What is interesting to me is that the next flight is scheduled for 12 April 2011, which will be the fiftieth anniversary of the first manned flight and the thirtieth anniversary of the first flight of the space shuttle.

It's hard to believe that it's been thirty years for the shuttle. Many of my coworkers weren't even born when it first flew, yet for me it seems to be only a moment. What's even harder (and more painful) to believe is that it only took twenty years to go from Vostok 1 to Columbia, but that the last thirty years has taken us from Columbia to soon to be nothing at all.

The darkness of space is nothing more than the veil of willful ignorance. How many of today's engineers and scientists were inspired by watching those early launches? What will inspire the builders of the future?

For Elon Musk and his crew, I congratulate and thank you. In your honor, I think that I'll break open my copy of Heinlein's The Man Who Sold the Moon.

Godspeed, Falcon.

Tradition

I think that most sporting traditions are over-hyped. You hear all the time about how the rivalry between team X and team Y is one of the greatest in sports and then the teams switch conferences and it's no longer so important. Alternately, one team could go into the tank for a decade, which puts a damper on the enthusiasm. Finally, (and let's face it) sports is a business and business does what business must.
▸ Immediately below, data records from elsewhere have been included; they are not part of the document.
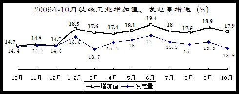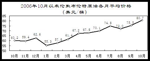當月全國原油產量同比增長1.9%;原油加工量增長6%,增速比上月加快0.3個百分點,其中汽油、柴油產量均增長4.7%。天然氣產量增長24.3%,比上月減緩5.6個百分點。國際原油價格繼續(xù)上漲。當月布倫特原油平均價格80.7美元/桶,比上月上漲5.2美元/桶,同比上漲20.5美元/桶,漲幅分別為7%和34.2%。受國際油價快速上漲、國內油價調整預期增強等影響,部分地區(qū)成品油供應趨緊。1-10月,全國原油產量15573萬噸,增長1.4%;進口原油13668萬噸(海關統(tǒng)計),增長13.8%;原油加工量26993萬噸,增長6.6%,其中汽油、柴油產量分別增長7.7%和5.8%。天然氣產量561億立方米,增長20.1%。乙烯產量增長14.3%,燒堿、純堿產量分別增長15.8%和11%,化肥、農藥產量分別增長13.6%和21.3%。
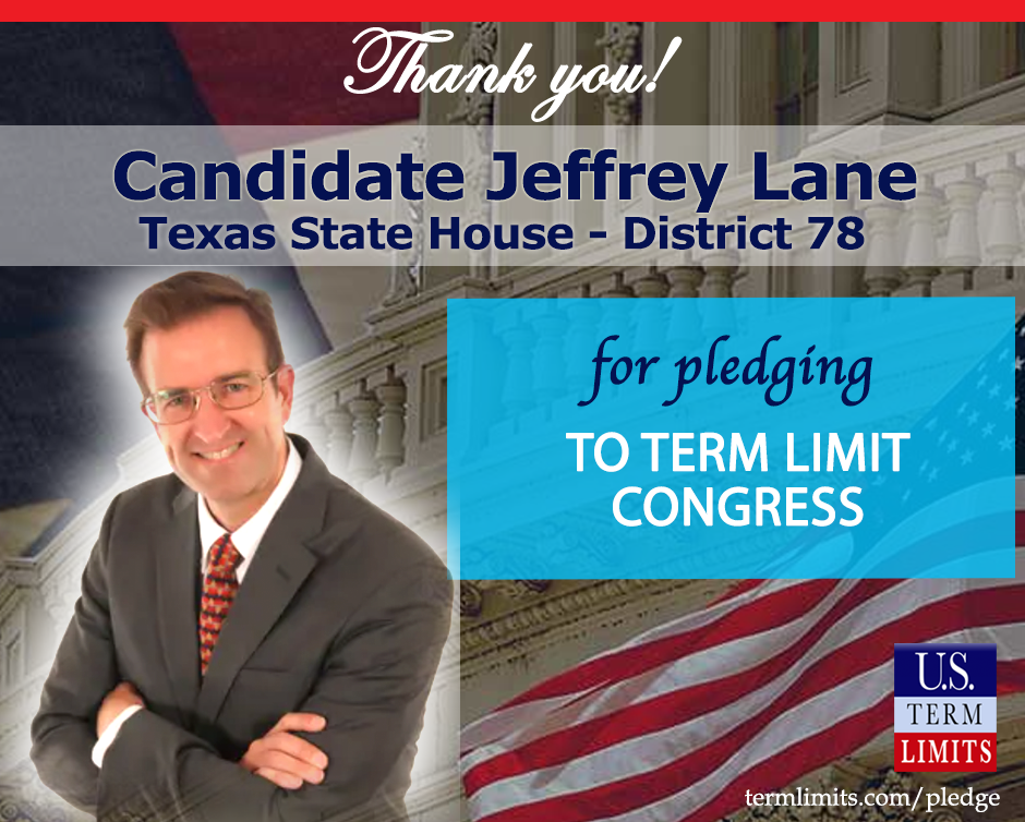 The U.S. Term Limits pledge is provided to candidates and members of state legislatures. It reads, “I pledge that, as a member of the state legislature, I will cosponsor, vote for, and defend the resolution applying for an Article V convention for the limited purpose of enacting term limits on Congress.”
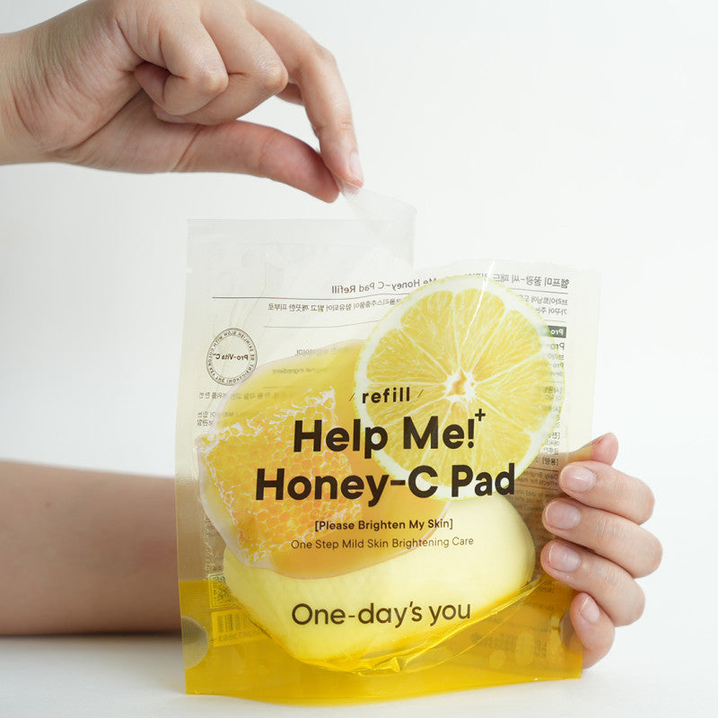 ONE-DAY'S YOU Help Me Honey-C Pad Refill to wkład uzupełniający do rozjaśniających i nawilżających płatków tonizujących, które pomagają ożywić matową i zmęczoną skórę, wyrównać jej koloryt i dostarczyć intensywne nawilżenie. Każdy płatek jest nasączony esencją bogatą w witaminę C, która wspomaga redukcję przebarwień i poprawia elastyczność skóry.

One of the few sporting traditions that I truly support is the Army-Navy football game. This isn't because of the great players or the quality of play; for the most part neither school attracts the best players and neither is likely to challenge for whatever passes as the national championship. Nor is it because of the importance of the game; nothing of any real meaning will be decided on the field.

Instead, it is a great tradition precisely because it is a trivial event. When the United States is at war, many of the young men on the field will face opponents for whom the stakes are literally life and death very soon. They will have the opportunity to make critical decisions that could alter the fate of nations and they will be commanding dozens and then hundreds of other young men and women. But for one day each winter, all of this lies far ahead of them and all that matters for the hundred or so men on each team and the few thousand of their fellows in the stands is winning a football game.

How could any sporting event have a greater tradition than that?